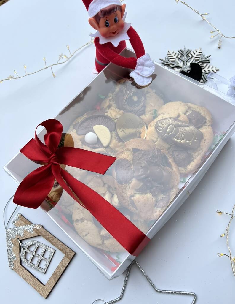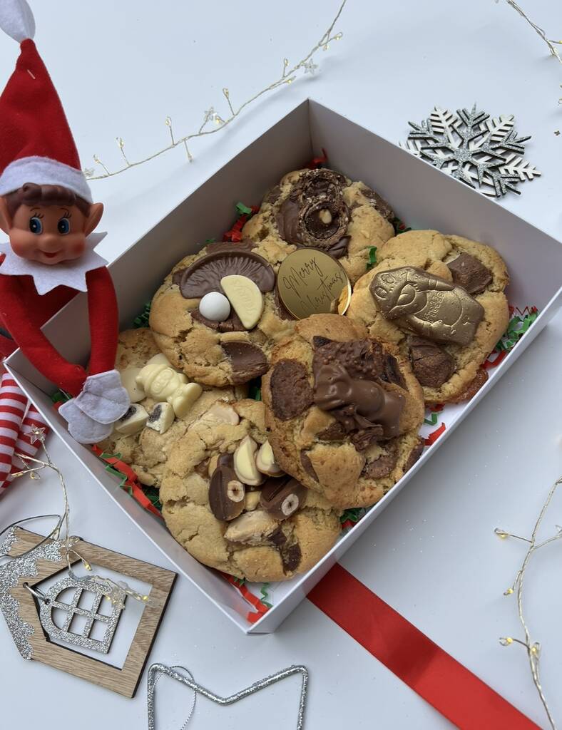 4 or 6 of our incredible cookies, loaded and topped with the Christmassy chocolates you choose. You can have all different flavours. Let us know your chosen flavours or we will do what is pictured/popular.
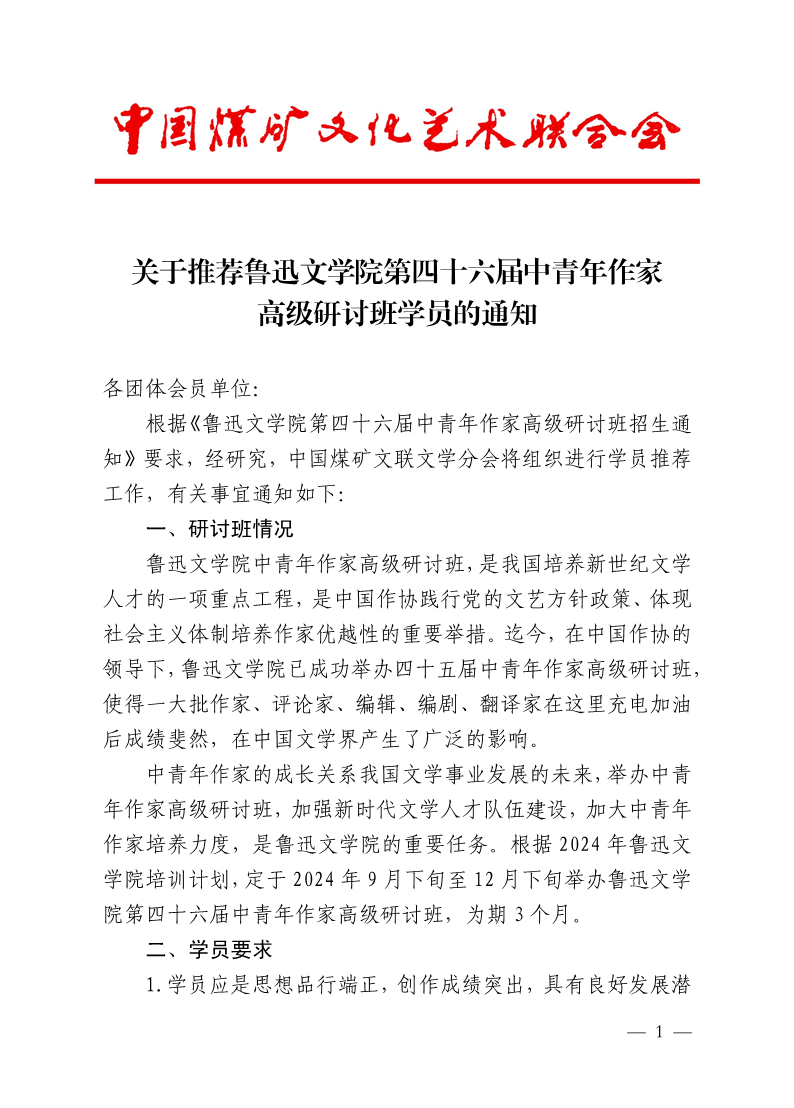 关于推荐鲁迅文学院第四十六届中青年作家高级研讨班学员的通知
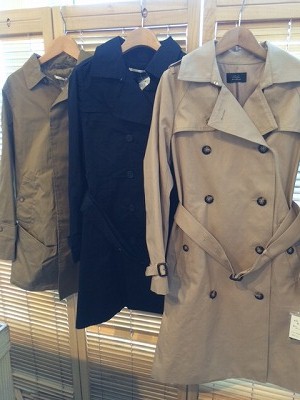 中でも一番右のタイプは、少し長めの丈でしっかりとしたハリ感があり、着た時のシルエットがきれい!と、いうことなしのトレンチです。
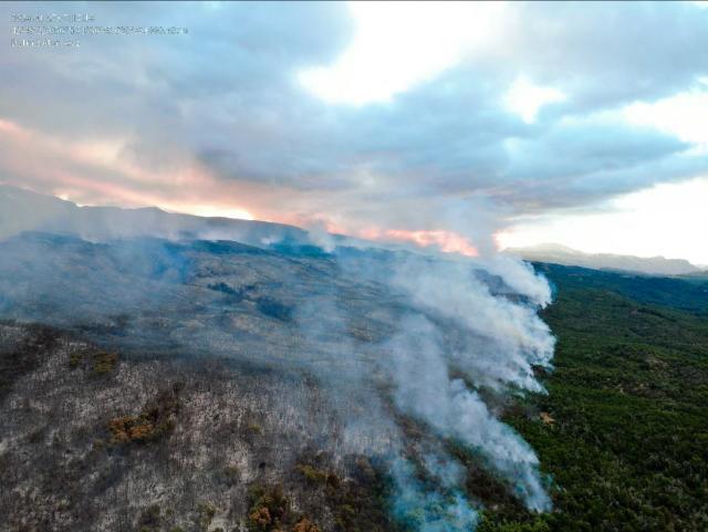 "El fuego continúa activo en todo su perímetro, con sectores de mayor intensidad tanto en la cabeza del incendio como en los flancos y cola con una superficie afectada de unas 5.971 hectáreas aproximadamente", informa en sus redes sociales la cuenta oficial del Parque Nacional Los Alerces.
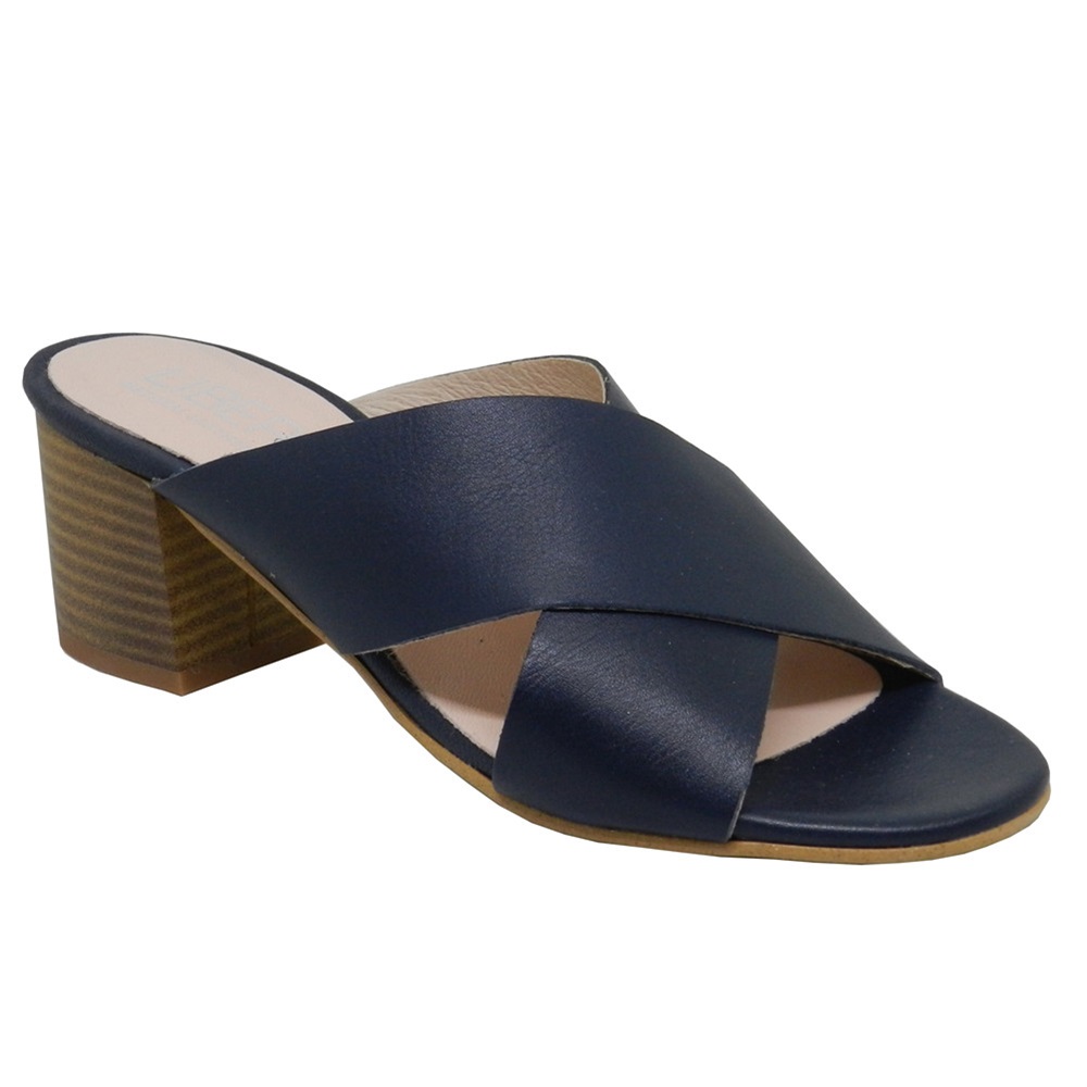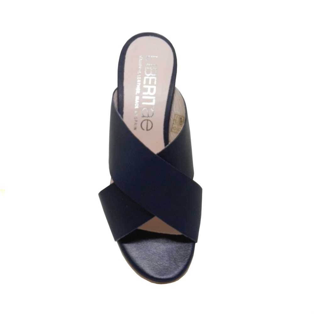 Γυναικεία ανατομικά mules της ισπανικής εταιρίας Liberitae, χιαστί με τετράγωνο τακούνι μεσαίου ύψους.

**What is expected:** Leaving out any pictures, write the records above out exactly as they are.

**Problem solution:**
 4 or 6 of our incredible cookies, loaded and topped with the Christmassy chocolates you choose. You can have all different flavours. Let us know your chosen flavours or we will do what is pictured/popular.
 关于推荐鲁迅文学院第四十六届中青年作家高级研讨班学员的通知
 中でも一番右のタイプは、少し長めの丈でしっかりとしたハリ感があり、着た時のシルエットがきれい!と、いうことなしのトレンチです。
 "El fuego continúa activo en todo su perímetro, con sectores de mayor intensidad tanto en la cabeza del incendio como en los flancos y cola con una superficie afectada de unas 5.971 hectáreas aproximadamente", informa en sus redes sociales la cuenta oficial del Parque Nacional Los Alerces.
 Γυναικεία ανατομικά mules της ισπανικής εταιρίας Liberitae, χιαστί με τετράγωνο τακούνι μεσαίου ύψους.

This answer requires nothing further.